* [Input]
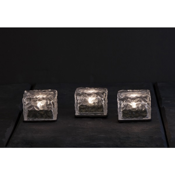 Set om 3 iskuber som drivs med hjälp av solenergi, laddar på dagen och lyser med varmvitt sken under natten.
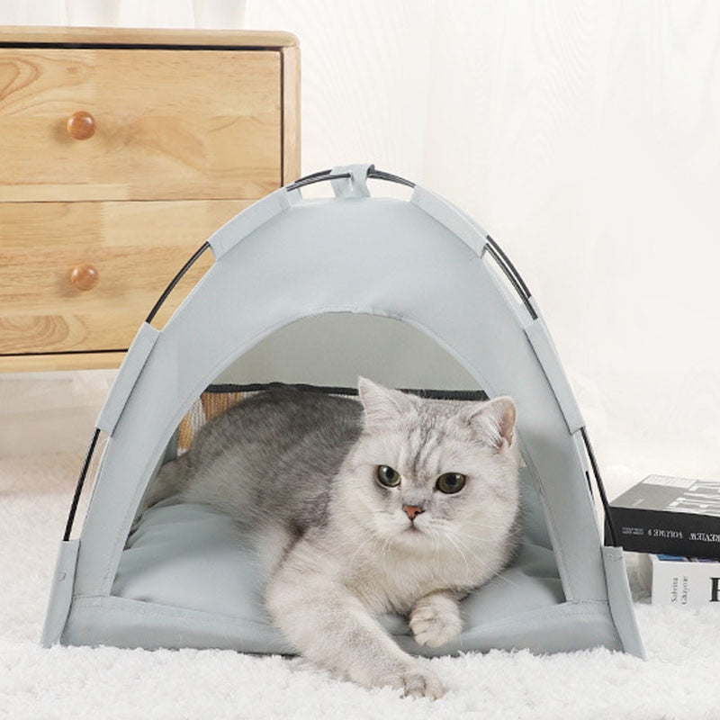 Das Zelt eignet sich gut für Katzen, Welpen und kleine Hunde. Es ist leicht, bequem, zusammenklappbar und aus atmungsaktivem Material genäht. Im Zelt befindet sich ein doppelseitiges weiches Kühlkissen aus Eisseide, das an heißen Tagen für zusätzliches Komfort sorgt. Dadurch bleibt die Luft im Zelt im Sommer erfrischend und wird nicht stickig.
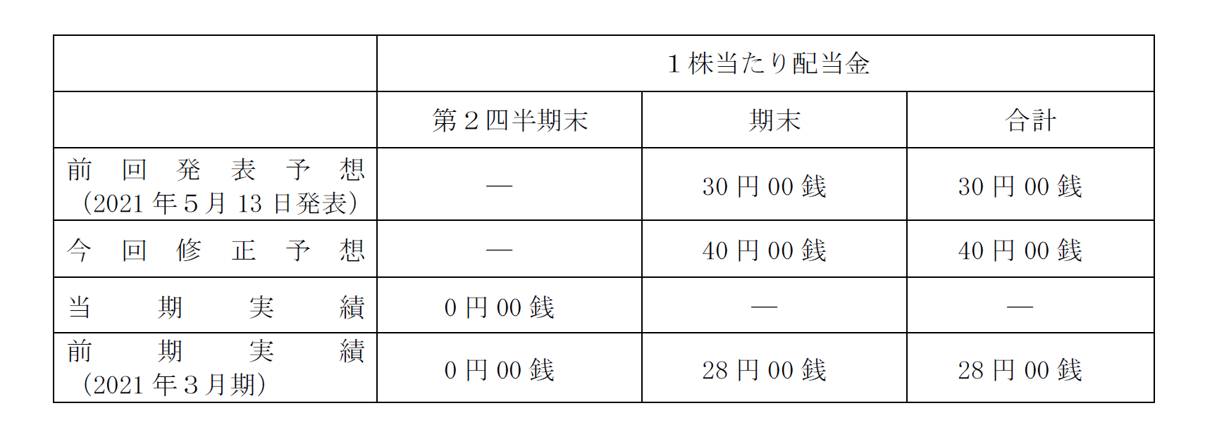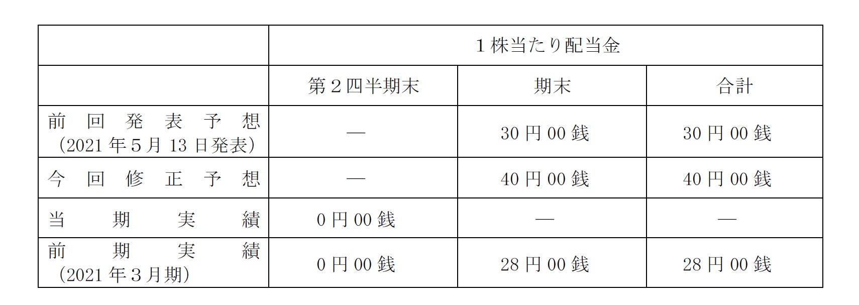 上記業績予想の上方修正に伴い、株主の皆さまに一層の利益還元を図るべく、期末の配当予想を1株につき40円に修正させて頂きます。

==

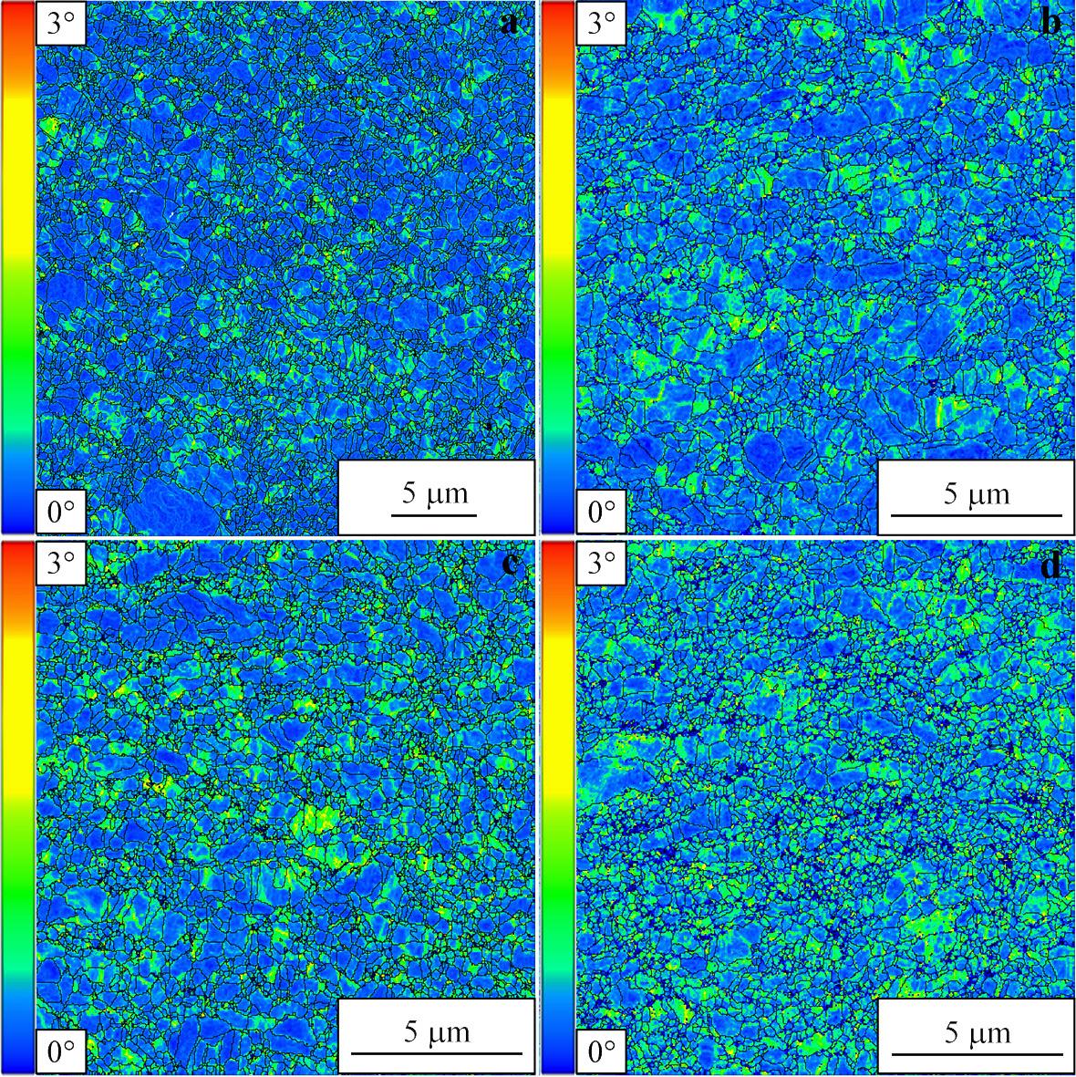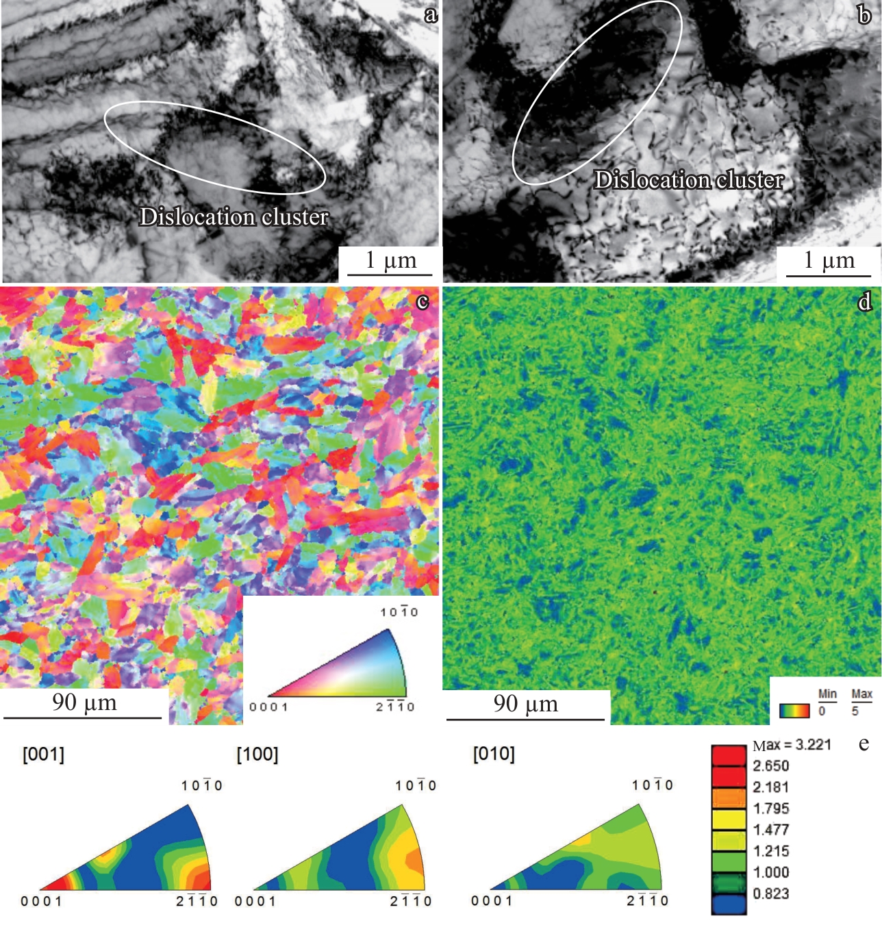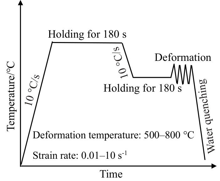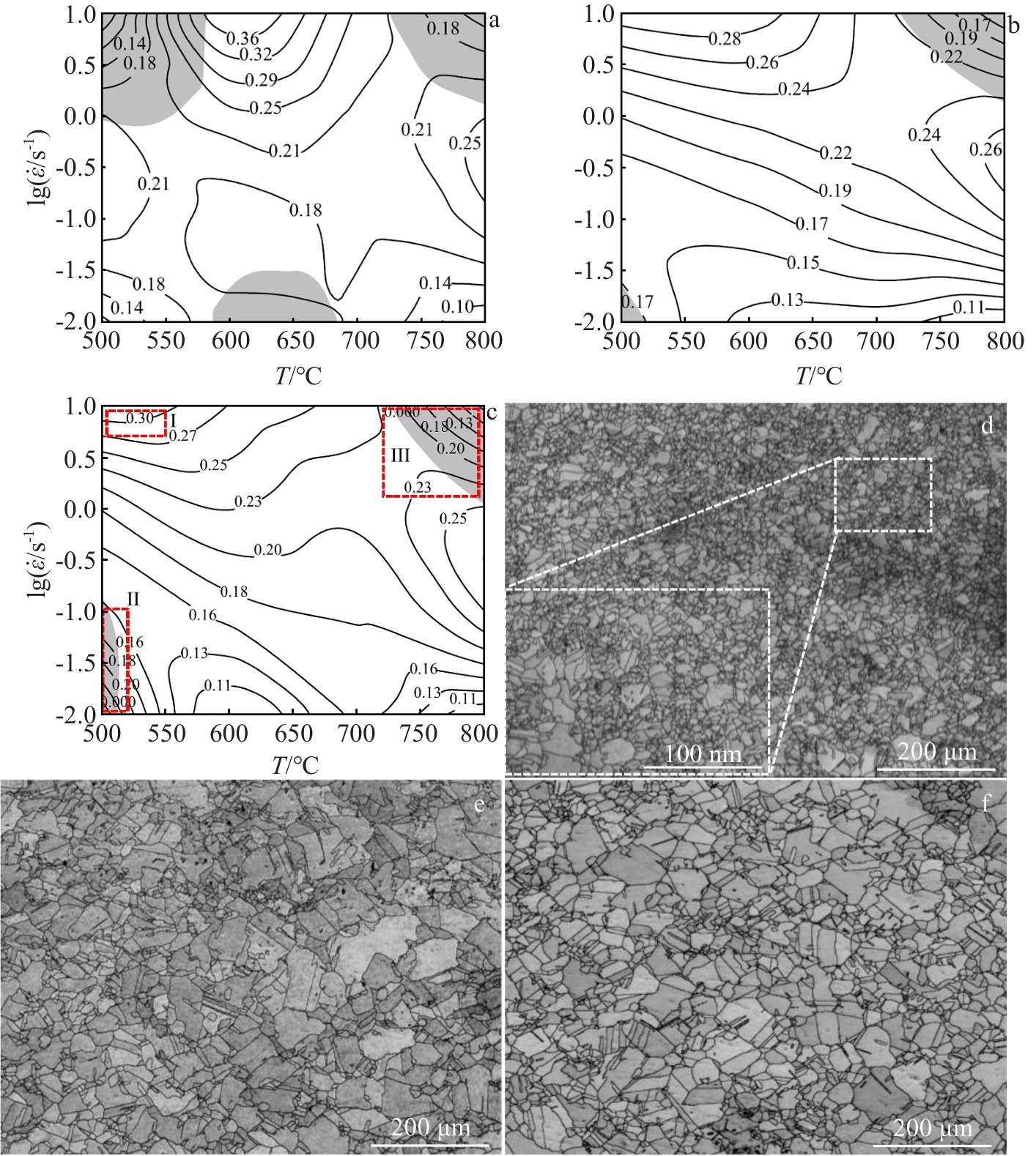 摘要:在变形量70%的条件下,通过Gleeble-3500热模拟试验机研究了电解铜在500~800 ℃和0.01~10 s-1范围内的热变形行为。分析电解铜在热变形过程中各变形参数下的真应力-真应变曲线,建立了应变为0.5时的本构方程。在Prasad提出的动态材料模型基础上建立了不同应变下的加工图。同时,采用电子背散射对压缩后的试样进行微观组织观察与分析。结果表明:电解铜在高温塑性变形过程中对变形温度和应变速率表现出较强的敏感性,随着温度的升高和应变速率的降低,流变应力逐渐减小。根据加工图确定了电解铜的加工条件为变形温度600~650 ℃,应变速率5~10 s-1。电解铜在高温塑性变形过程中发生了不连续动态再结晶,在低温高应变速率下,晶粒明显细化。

* [Description of the task]
Write out again exactly the lines above from the one with "Set om 3 iskuber" through the one with "上記業績予想の上方修正に伴い", adding no other lines and no pictures.

* [Result of this task]
 Set om 3 iskuber som drivs med hjälp av solenergi, laddar på dagen och lyser med varmvitt sken under natten.
 Das Zelt eignet sich gut für Katzen, Welpen und kleine Hunde. Es ist leicht, bequem, zusammenklappbar und aus atmungsaktivem Material genäht. Im Zelt befindet sich ein doppelseitiges weiches Kühlkissen aus Eisseide, das an heißen Tagen für zusätzliches Komfort sorgt. Dadurch bleibt die Luft im Zelt im Sommer erfrischend und wird nicht stickig.
 上記業績予想の上方修正に伴い、株主の皆さまに一層の利益還元を図るべく、期末の配当予想を1株につき40円に修正させて頂きます。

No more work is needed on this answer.